Mekanisme Pertahanan Ego
Menurut Stuart dan Laria ( 2001), yang diikuti dari damaiyanti 2012,
mekanisme koping yang dipaka pada klien marah untuk melindungi diri
antara lain :
– Sublimasi, yaitu menerima suatu sasaran pengganti yang mulai
artinya di mata masyarakat untuk suatu dorongan yang mengalami
hambatan penyaluranya secara normal.
– Proyeksi, menyalahkan orang lain mengenai kesukaranya atau
keinginan yang tidak baik.
– Represi, yaitu mencegah pikiran yang menyakitkan atau
membahayakan masuk ke dalam alam sadar.
– Reaksi Formasi , yaitu mencegah keinginan yang berbahaya bila
diekspresikan dengan melebihlebihkan sikap dan perilaku yang
berlawanan dan menggunakanya sebagai rintangan.
– Displacment, yaitu melepaskan perasaan yang tertekan biasanya
bermusuhan, pada objek yang begitu berbahaya seperti yang pada
mulanya yang membangkitkan emosi itu.
Askep Resiko Perilaku Kekerasan
Pengkajian
Pengkajian keperawatan pada pasien gangguan jiwa dilakukan dengan cara wawancara dan observasi pada pasien dan keluarga.
Tanda dan gejala pasien dengan resio perilaku kekerasan dapat ditemukan pada wawancara melalui pertanyaan sebagai berikut :
• Coba ceritakan ada kejadian apa atau apa yang menyebabkan Anda marah ?
• Coba Anda ceritakan apa yang Anda rasakan ketika marah ?
• Perasaan apa yang Anda rasakan ketika marah ?
• Sikap atau perilaku atau tindakan apa yang dilakukan saat Anda marah ?
• Apa akibat dari cara marah yang Anda lakukan ?

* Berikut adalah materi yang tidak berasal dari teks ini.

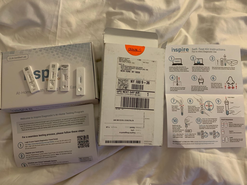 När vi sen checkade in fanns paketet som kostade $2 att få. Tidigare hade vi bokat en testtid där man skall sitta på zoom och bli övervakad när man gör testen.
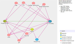 A multivariate logistic model was performed considering the cohort (C-ARDS or NC-ARDS) as the independent variable of interest and the protective MV as the dependent variable. We performed a directed acyclic graph (DAG) to choose the confounders and to avoid over-adjustment of the model. We used the dagitty tool - www.dagitty.net15. Briefly, a DAG is a graphical tool that enables the visualization of the relationships between the exposure of interest, the outcome being studied, and all other variables that are associated in some way with at least two other variables in the diagram. A comprehensive review can be found in recent reviews16,17. In this model, the following confounders were selected: age, sex, CRS, ratio of arterial oxygen partial pressure to fraction of inspired oxygen (PaO2/FiO2), arterial carbon dioxide partial pressure (PaCO2), pH, renal dysfunction (Fig. 1 in Supplementary Appendix).

• Apakah dengan cara yang digunakan penyebab marah Anda hilang ?
• Menurut Anda apakah ada cara lain untuk mengungkapkan kemarahan Anda ?
Hasil pengkajian yang biasa ditemukan yaitu :
Data Subjektif :
• Ungkapan berupa ancaman
• Ungkapan kata-kata kasar
• Ungkapan ingin memukul atau melukai
Data Objektif :
• Wajah memerah dan tegang
• Pandangan tajam
• Mengatupkan rahang dengan kuat
• Mengepalkan tangan
• Bicara kasar
• Suara tinggi, menjerit atau berteriak
• Mondar mandir
• Melempar atau memukul benda atau orang lain
• Mudah tersinggungan dan mudah marah.
Anamnesa
1.Identitas
- Perawat yang merawat klien melakukan perkenalan dan kontrak dengan klien tentang : nama
perawat, nama klien, tujuan, waktu, tempat pertemuan, topik yang akan dibicarakan.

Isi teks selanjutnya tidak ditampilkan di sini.